> [YOUR OBJECTIVE]
Please reproduce, exactly as given, the lines running from the start of the data to the line containing "The PCO would", inclusive, and omit the pictures.

(Data excerpts)
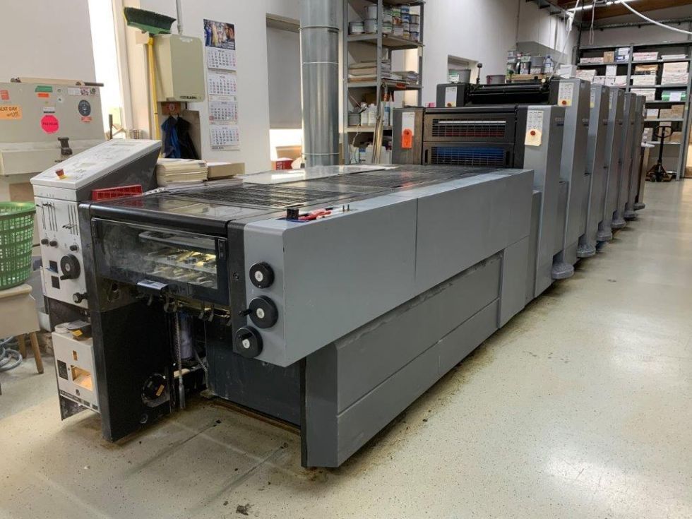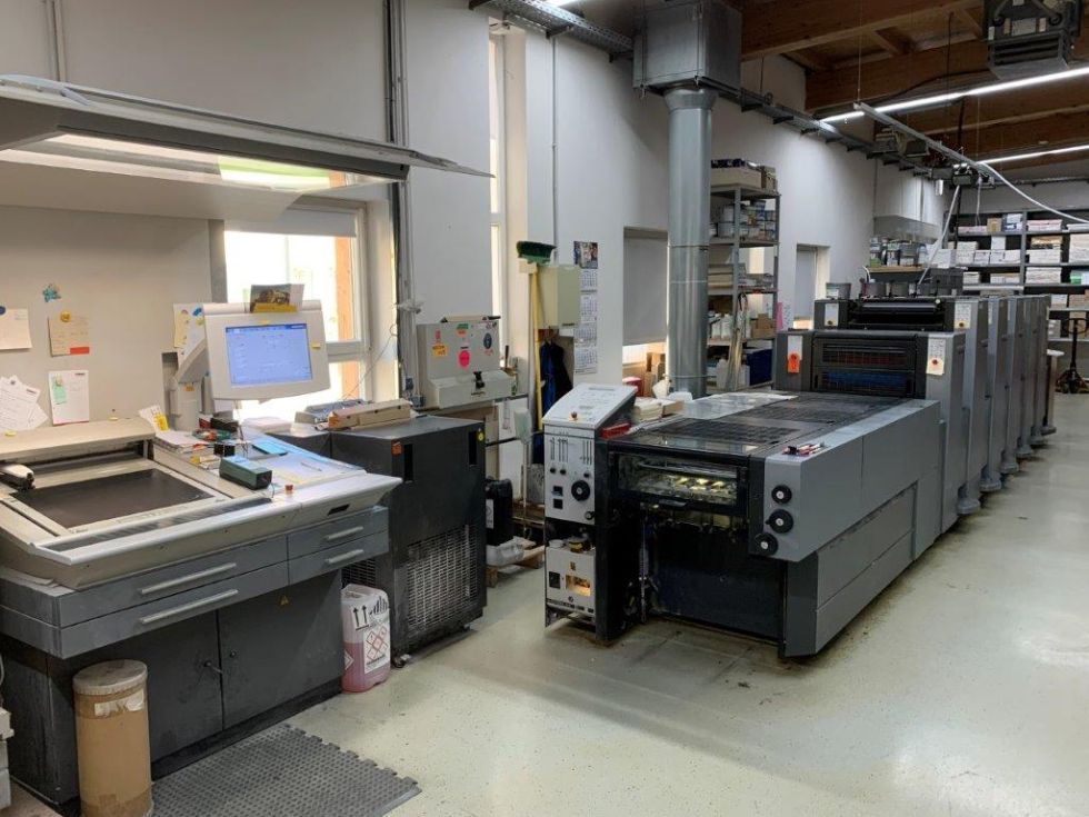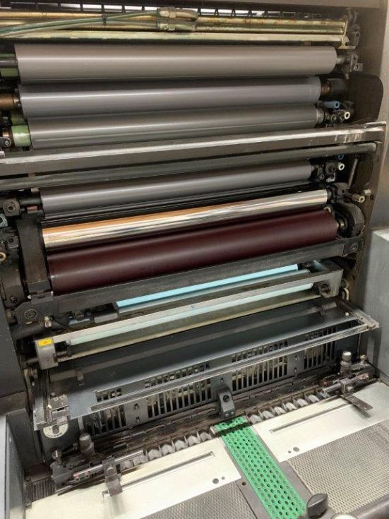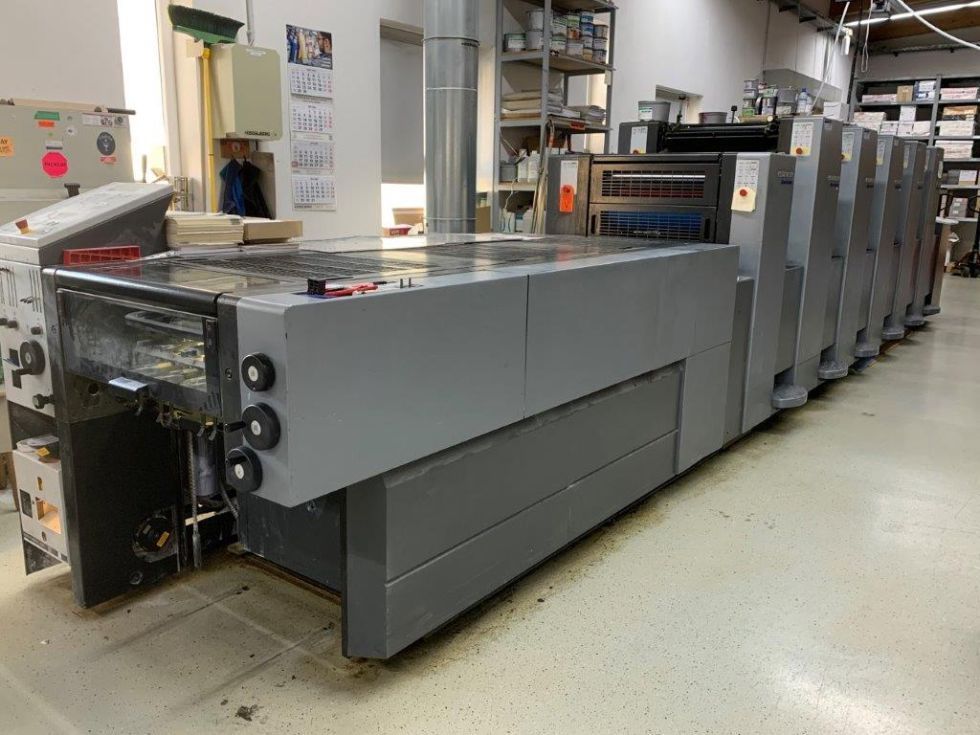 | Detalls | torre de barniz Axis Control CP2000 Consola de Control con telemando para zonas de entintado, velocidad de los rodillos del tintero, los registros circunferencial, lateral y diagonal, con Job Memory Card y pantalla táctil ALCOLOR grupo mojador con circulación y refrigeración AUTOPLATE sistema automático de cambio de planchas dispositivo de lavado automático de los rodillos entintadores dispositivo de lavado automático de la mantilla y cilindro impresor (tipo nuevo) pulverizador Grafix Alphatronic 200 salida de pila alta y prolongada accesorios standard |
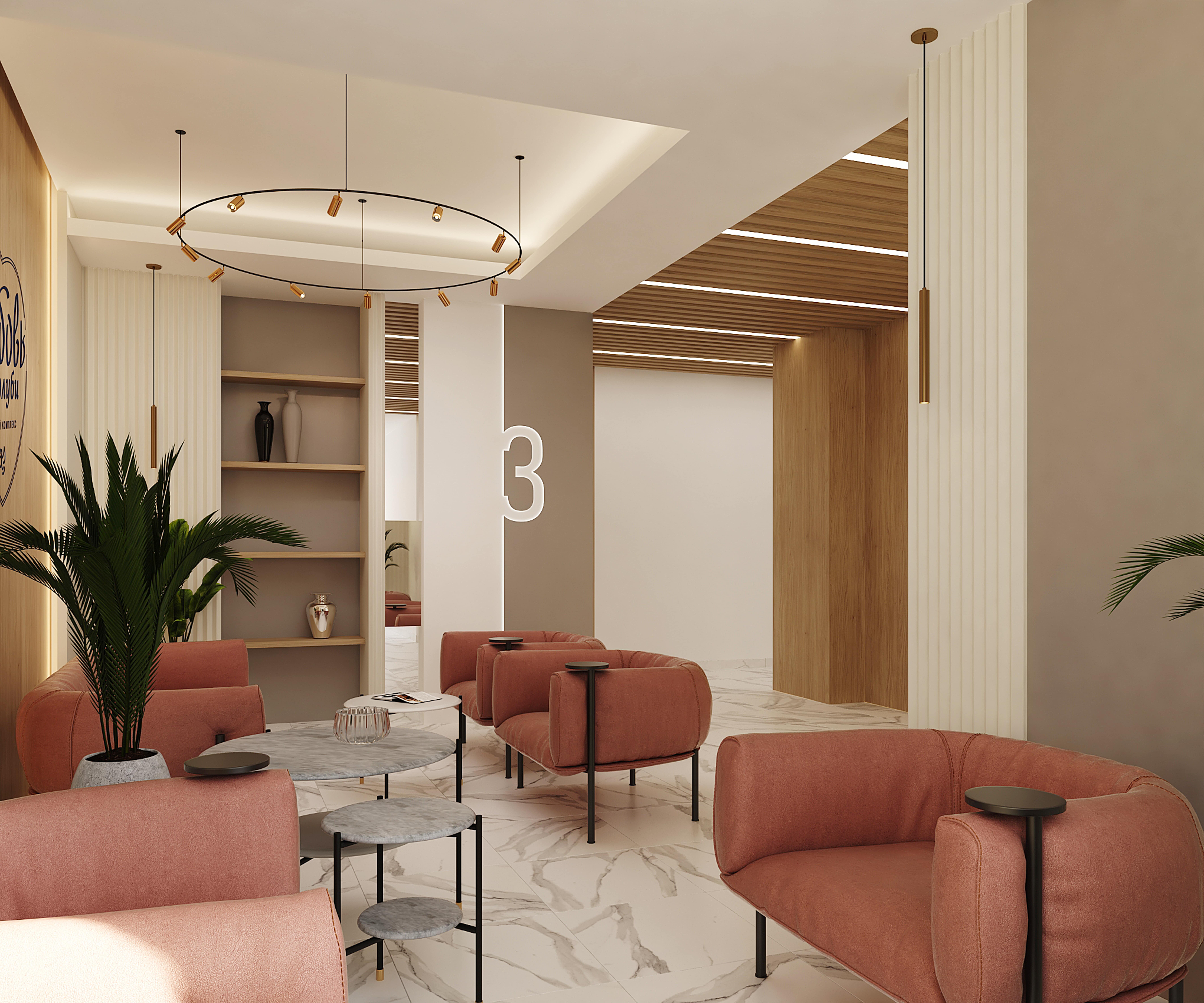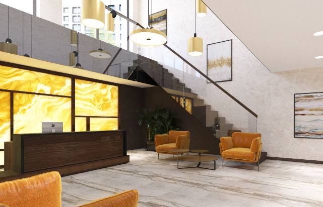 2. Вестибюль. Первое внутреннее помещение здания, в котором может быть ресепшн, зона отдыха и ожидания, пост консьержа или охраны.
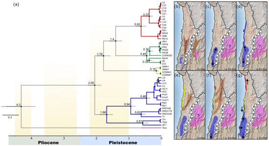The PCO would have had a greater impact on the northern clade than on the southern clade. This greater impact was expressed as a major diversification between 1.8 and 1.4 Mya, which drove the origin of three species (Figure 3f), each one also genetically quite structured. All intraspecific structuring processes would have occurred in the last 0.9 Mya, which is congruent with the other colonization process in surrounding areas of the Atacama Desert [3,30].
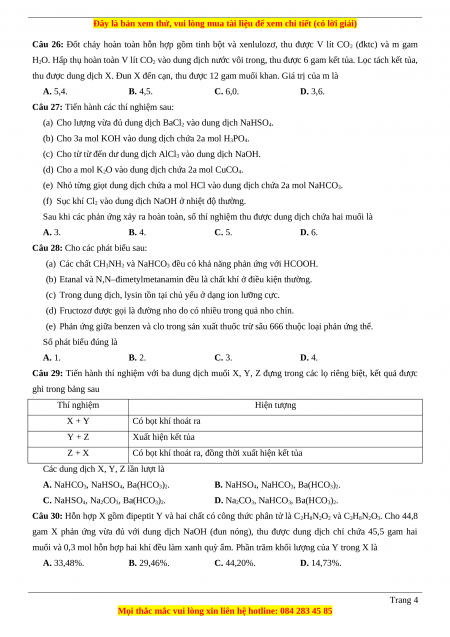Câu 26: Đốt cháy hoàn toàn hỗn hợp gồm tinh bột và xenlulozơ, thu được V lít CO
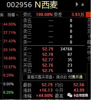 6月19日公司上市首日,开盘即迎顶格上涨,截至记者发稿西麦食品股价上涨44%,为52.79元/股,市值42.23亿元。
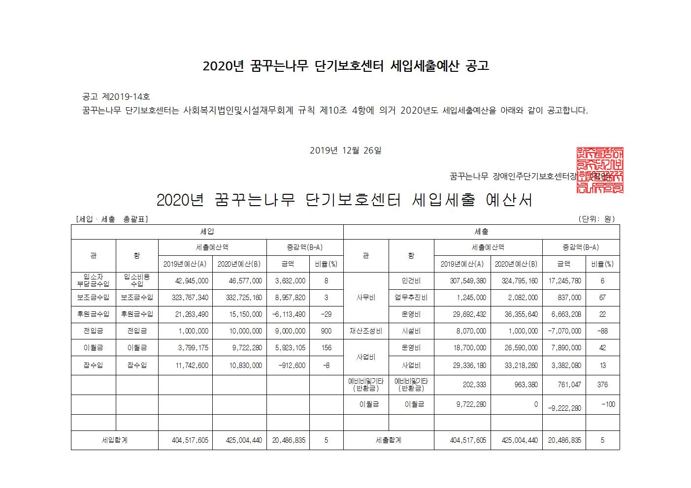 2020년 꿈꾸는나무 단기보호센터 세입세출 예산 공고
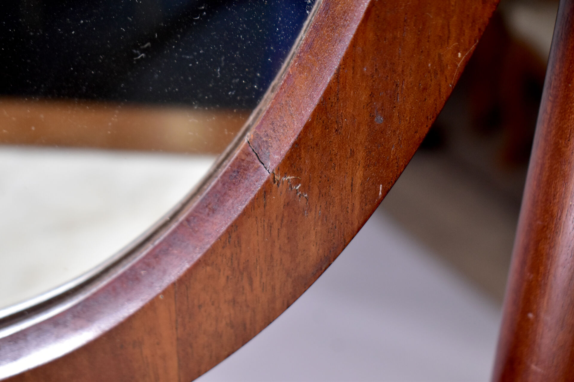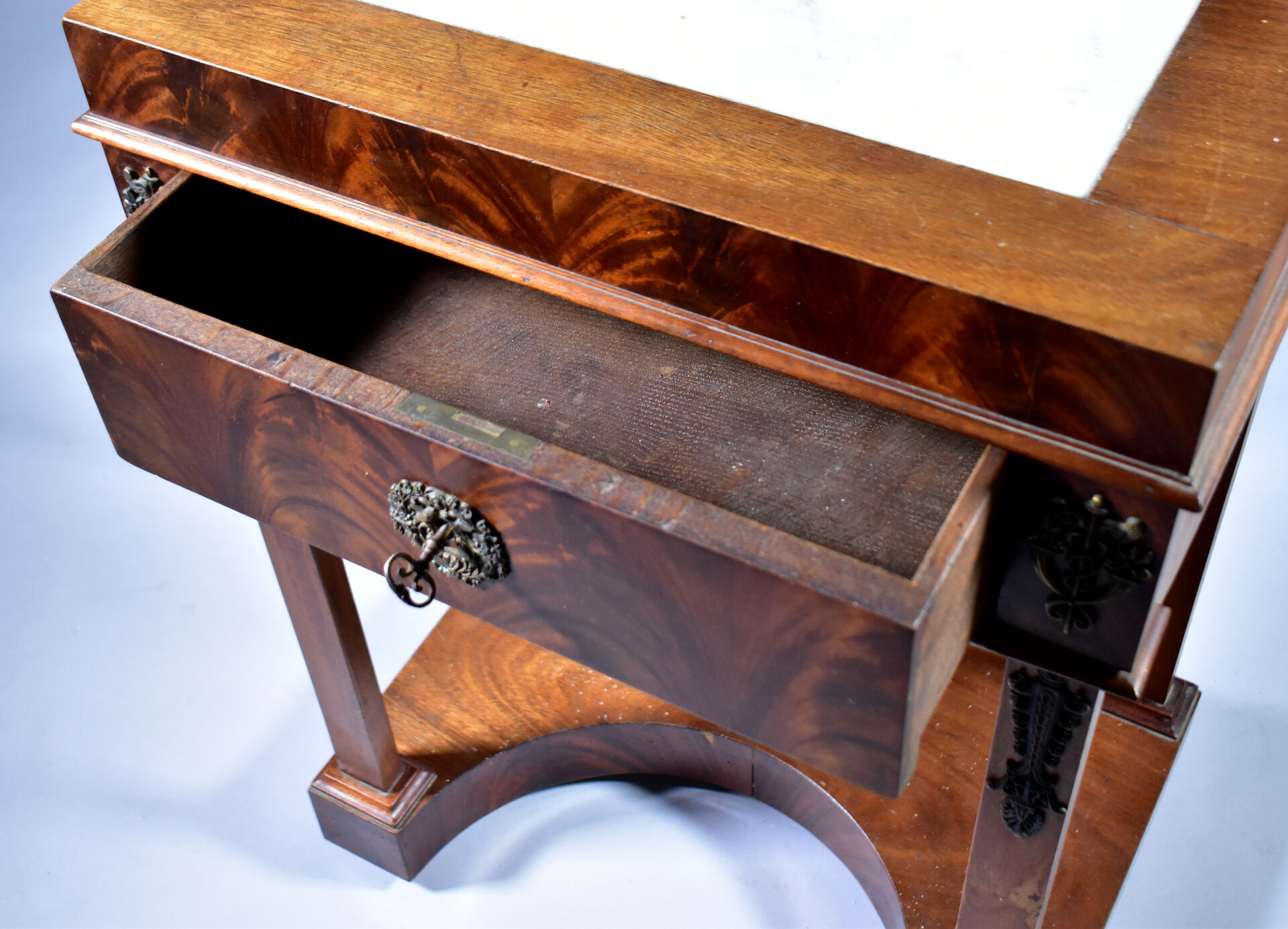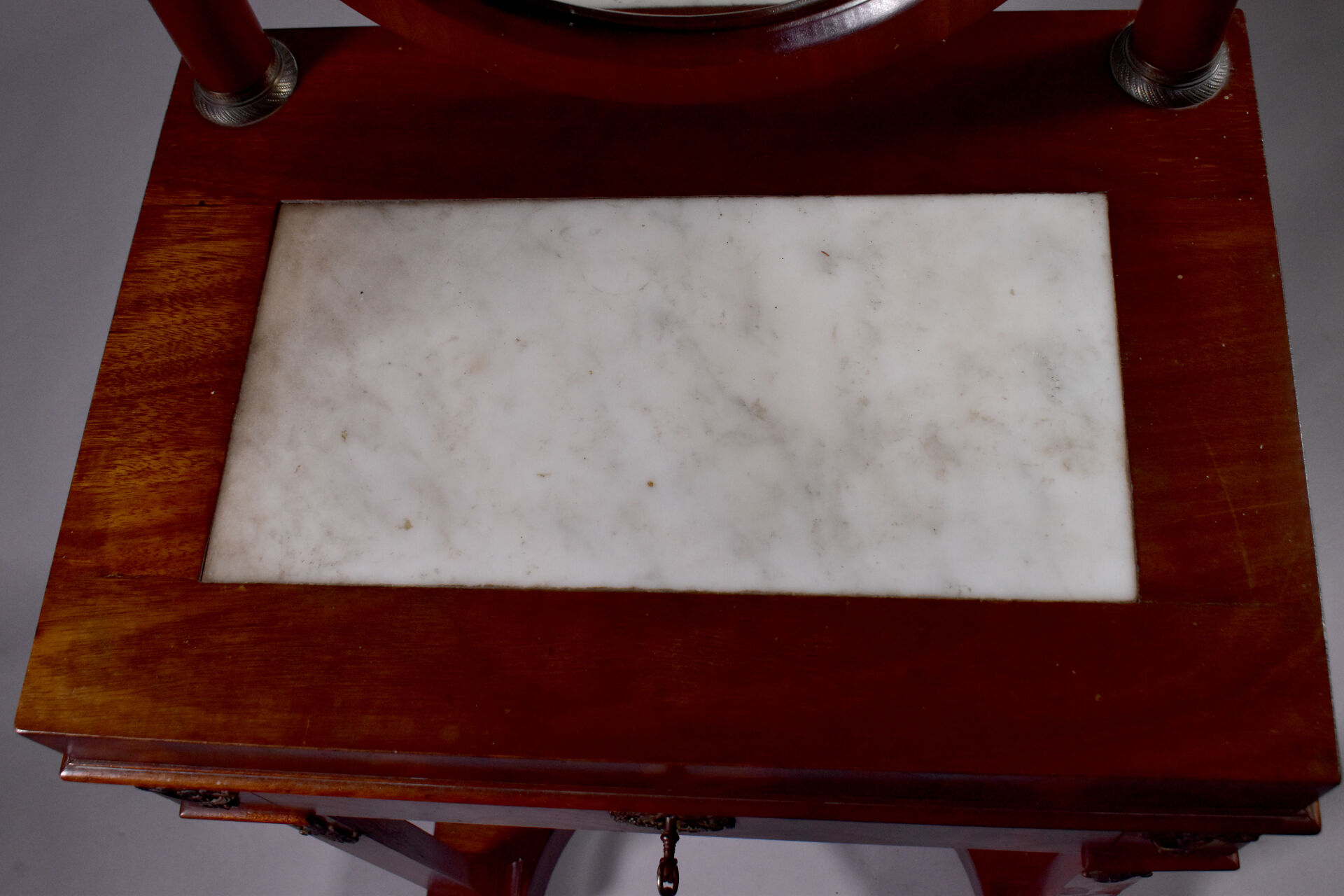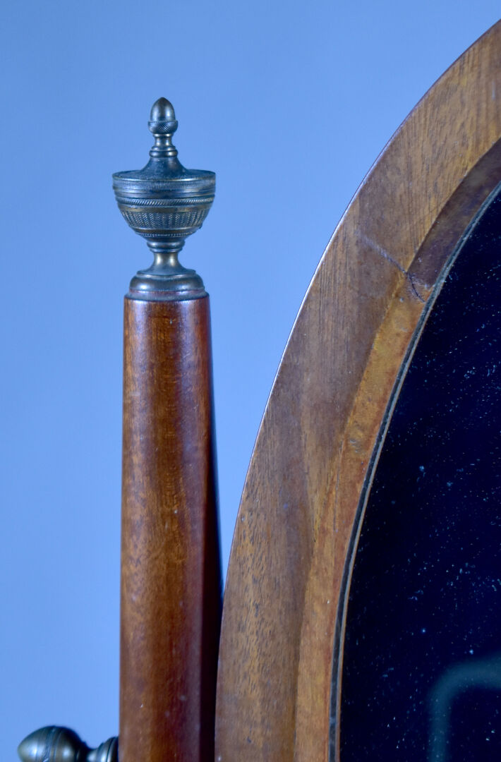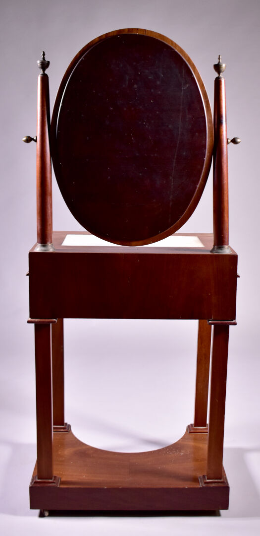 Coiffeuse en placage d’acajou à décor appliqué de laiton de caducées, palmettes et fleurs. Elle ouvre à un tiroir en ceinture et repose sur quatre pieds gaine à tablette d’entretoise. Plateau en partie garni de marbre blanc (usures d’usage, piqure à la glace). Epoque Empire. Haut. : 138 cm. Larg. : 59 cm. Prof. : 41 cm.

> [EXERCISE RESPONSE]
 | Detalls | torre de barniz Axis Control CP2000 Consola de Control con telemando para zonas de entintado, velocidad de los rodillos del tintero, los registros circunferencial, lateral y diagonal, con Job Memory Card y pantalla táctil ALCOLOR grupo mojador con circulación y refrigeración AUTOPLATE sistema automático de cambio de planchas dispositivo de lavado automático de los rodillos entintadores dispositivo de lavado automático de la mantilla y cilindro impresor (tipo nuevo) pulverizador Grafix Alphatronic 200 salida de pila alta y prolongada accesorios standard |
 2. Вестибюль. Первое внутреннее помещение здания, в котором может быть ресепшн, зона отдыха и ожидания, пост консьержа или охраны.
The PCO would have had a greater impact on the northern clade than on the southern clade. This greater impact was expressed as a major diversification between 1.8 and 1.4 Mya, which drove the origin of three species (Figure 3f), each one also genetically quite structured. All intraspecific structuring processes would have occurred in the last 0.9 Mya, which is congruent with the other colonization process in surrounding areas of the Atacama Desert [3,30].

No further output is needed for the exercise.